A reason for poor bone formation may be insufficient vascularization of the scaffolds25. Vascularization is an essential prerequisite for bone development and for the regeneration of osteogenic cells. Furthermore, vascularization provides enhanced transport for oxygen, nutrients, and important bioactive factors to bone formation areas26,27. When compared with in vitro bone tissue engineering, these in vivo bioreactors more readily promote angiogenesis. As previously described11, to generate extensive vascularization and osteogenesis in the scaffolds, a saphenous vascular bundle was combined with periosteum. To prefabricate a vascularized bone graft, a saphenous vascular bundle was centrally inserted into a scaffold to provide transport for progenitor cells, cytokines, oxygen and nutrients and to remove waste products from cells28. The periosteum is a thin but highly vascularized tissue that provides a number of osteoblasts, pluripotent stem cells, and progenitor cells for vascularized bone growth29. A periosteal flap can be used to wrap the tissue-engineered construct to minimize tissue disturbance30. For these reasons, the combined use of a blood vessel and periosteum can take advantage of two well-established bone graft prefabrication strategies.

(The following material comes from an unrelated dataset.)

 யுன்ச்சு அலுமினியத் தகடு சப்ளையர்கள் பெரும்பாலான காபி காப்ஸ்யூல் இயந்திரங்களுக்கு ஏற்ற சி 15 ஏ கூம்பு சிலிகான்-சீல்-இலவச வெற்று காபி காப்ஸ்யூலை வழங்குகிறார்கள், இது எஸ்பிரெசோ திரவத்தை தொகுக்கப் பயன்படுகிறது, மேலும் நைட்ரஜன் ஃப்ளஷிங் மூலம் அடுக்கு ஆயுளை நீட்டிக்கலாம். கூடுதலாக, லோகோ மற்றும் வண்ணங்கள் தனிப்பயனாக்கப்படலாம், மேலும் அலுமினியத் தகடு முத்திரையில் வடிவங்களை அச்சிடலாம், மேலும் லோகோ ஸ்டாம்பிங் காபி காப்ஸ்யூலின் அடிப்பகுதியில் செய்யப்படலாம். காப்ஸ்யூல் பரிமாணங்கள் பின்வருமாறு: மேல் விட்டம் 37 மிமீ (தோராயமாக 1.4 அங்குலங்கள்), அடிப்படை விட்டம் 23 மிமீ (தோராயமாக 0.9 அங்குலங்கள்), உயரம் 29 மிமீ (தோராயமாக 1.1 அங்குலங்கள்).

Seeding cells, growth factors and bioactive scaffolds are three essential elements for bone tissue engineering. Many approaches have involved various combinations of these elements to regenerate vascularized bone tissue31. However, conflicting studies have indicated contradictory uses of exogenous growth factors as core components for in vitro tissue engineering. In our study, BMSCs were selected as seed cells, whereas angioinductive or osteoblast growth factors were not used. Many studies have demonstrated that BMSCs can be used for in vivo graft colonization to enhance the effectiveness of bone formation32,33. Regarding the introduction of exogenous growth factors to in vivo bioreactors, a few studies have suggested that these growth factors carry risks of tissue overgrowth and nerve impingement and may increase the complexity of the technology and associated regulatory burdens for clinical translation34,35. Thus, strategies utilizing in vivo bioreactors without exogenous growth factors are being explored. This represents a major advancement in the field and facilitates clinical translation.

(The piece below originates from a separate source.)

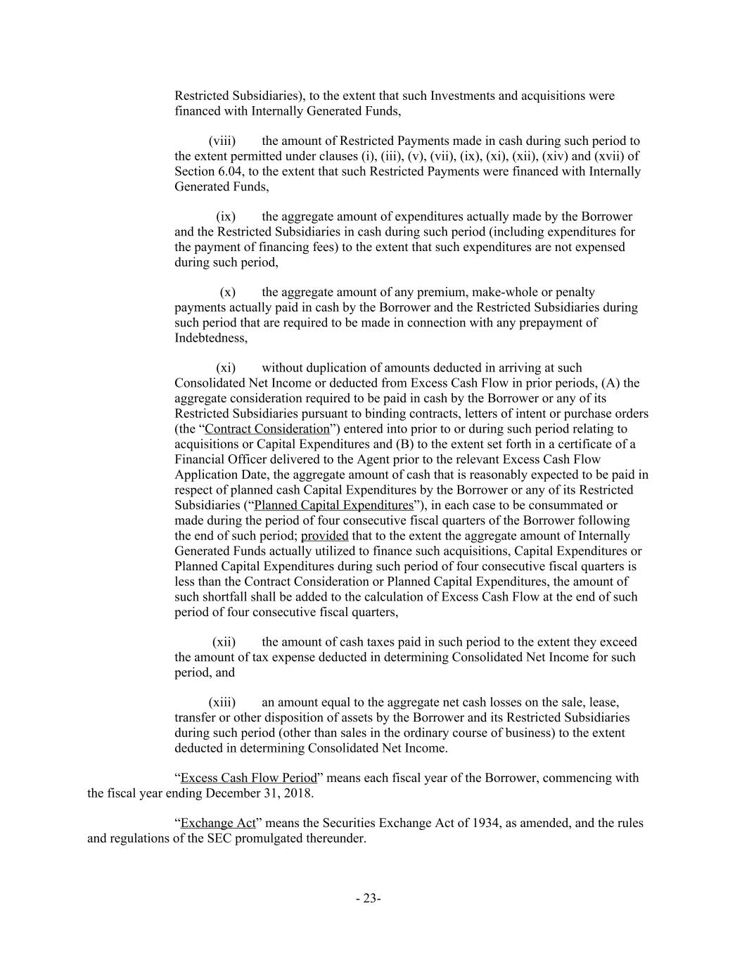 Restricted Subsidiaries), to the extent that such Investments and acquisitions were financed with Internally Generated Funds, (viii) the amount of Restricted Payments made in cash during such period to the extent permitted under clauses (i), (iii), (v), (vii), (ix), (xi), (xii), (xiv) and (xvii) of Section 6.04, to the extent that such Restricted Payments were financed with Internally Generated Funds, (ix) the aggregate amount of expenditures actually made by the Borrower and the Restricted Subsidiaries in cash during such period (including expenditures for the payment of financing fees) to the extent that such expenditures are not expensed during such period, (x) the aggregate amount of any premium, make-whole or penalty payments actually paid in cash by the Borrower and the Restricted Subsidiaries during such period that are required to be made in connection with any prepayment of Indebtedness, (xi) without duplication of amounts deducted in arriving at such Consolidated Net Income or deducted from Excess Cash Flow in prior periods, (A) the aggregate consideration required to be paid in cash by the Borrower or any of its Restricted Subsidiaries pursuant to binding contracts, letters of intent or purchase orders (the “Contract Consideration”) entered into prior to or during such period relating to acquisitions or Capital Expenditures and (B) to the extent set forth in a certificate of a Financial Officer delivered to the Agent prior to the relevant Excess Cash Flow Application Date, the aggregate amount of cash that is reasonably expected to be paid in respect of planned cash Capital Expenditures by the Borrower or any of its Restricted Subsidiaries (“Planned Capital Expenditures”), in each case to be consummated or made during the period of four consecutive fiscal quarters of the Borrower following the end of such period; provided that to the extent the aggregate amount of Internally Generated Funds actually utilized to finance such acquisitions, Capital Expenditures or Planned Capital Expenditures during such period of four consecutive fiscal quarters is less than the Contract Consideration or Planned Capital Expenditures, the amount of such shortfall shall be added to the calculation of Excess Cash Flow at the end of such period of four consecutive fiscal quarters, (xii) the amount of cash taxes paid in such period to the extent they exceed the amount of tax expense deducted in determining Consolidated Net Income for such period, and (xiii) an amount equal to the aggregate net cash losses on the sale, lease, transfer or other disposition of assets by the Borrower and its Restricted Subsidiaries during such period (other than sales in the ordinary course of business) to the extent deducted in determining Consolidated Net Income. “Excess Cash Flow Period” means each fiscal year of the Borrower, commencing with the fiscal year ending December 31, 2018. “Exchange Act” means the Securities Exchange Act of 1934, as amended, and the rules and regulations of the SEC promulgated thereunder. - 23-
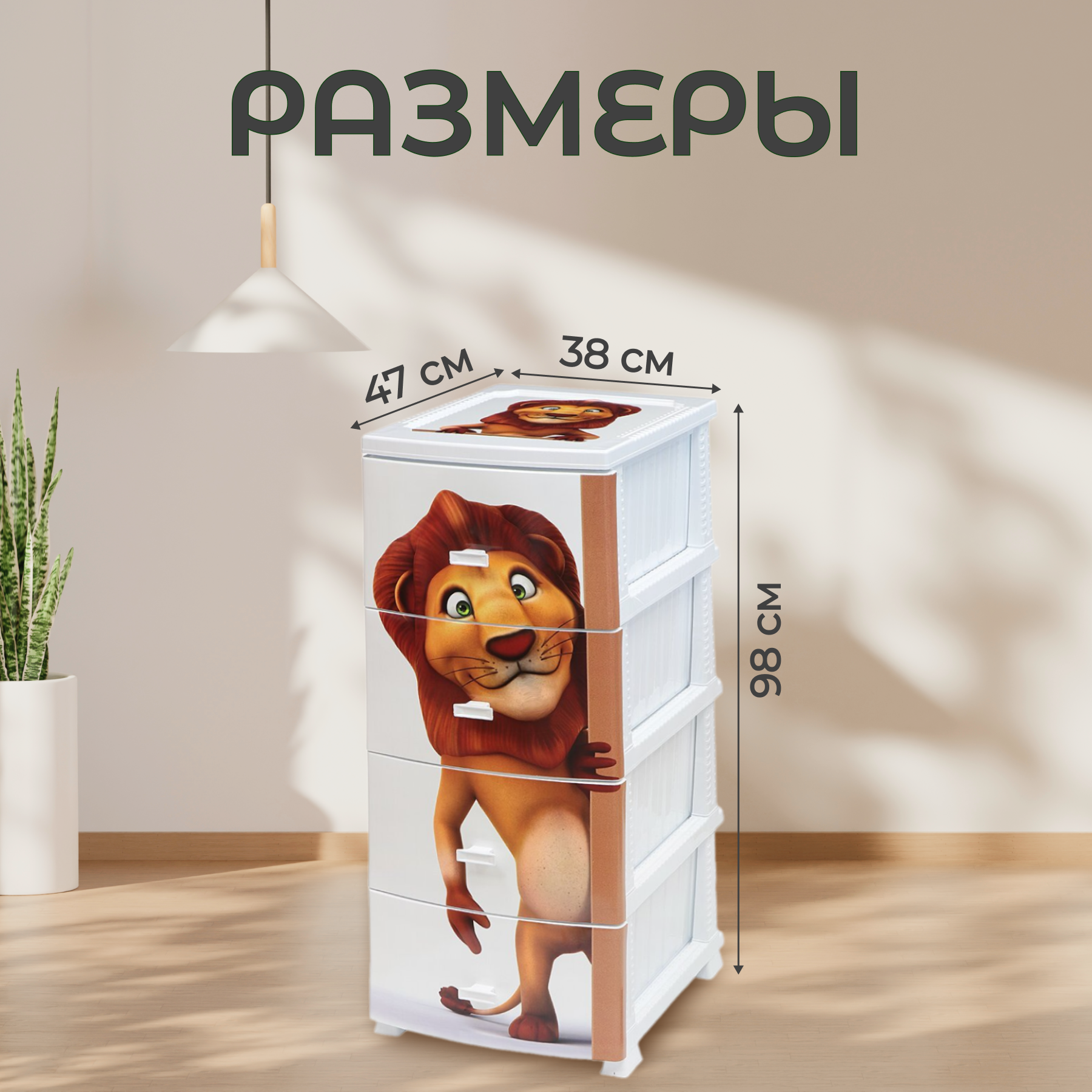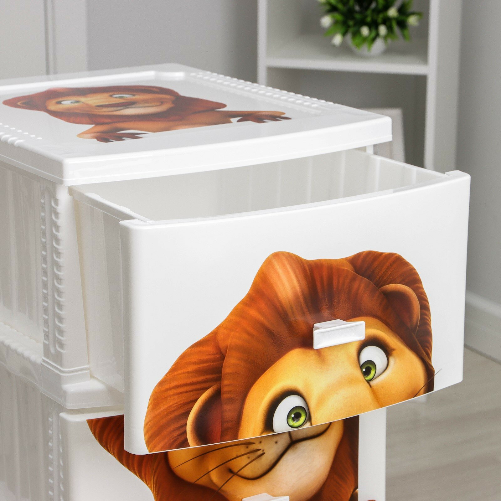 Росспласт Комод детский 4-х секционный «Декор. Лев», цвет белый

To support viable bone tissue growth, in vivo bioreactors must be filled with appropriate scaffold materials36. Over the past decade, scaffold design remains the main challenge in tissue engineering due to the large number of requirements that need to be met, such as having the ability to deliver cells, supporting differentiation of regenerative cells, irregular geometries, biocompatibility, osteoconductivity and osteoinductivity37,38. To achieve geometric precision of the bone construct to conform to the contours of the recipient site, the fabrication of custom-contoured scaffolds is critical. With the aid of three-dimensional printing technology, the geometry and material properties of scaffolds can be controlled and tailored to the shape of defects39.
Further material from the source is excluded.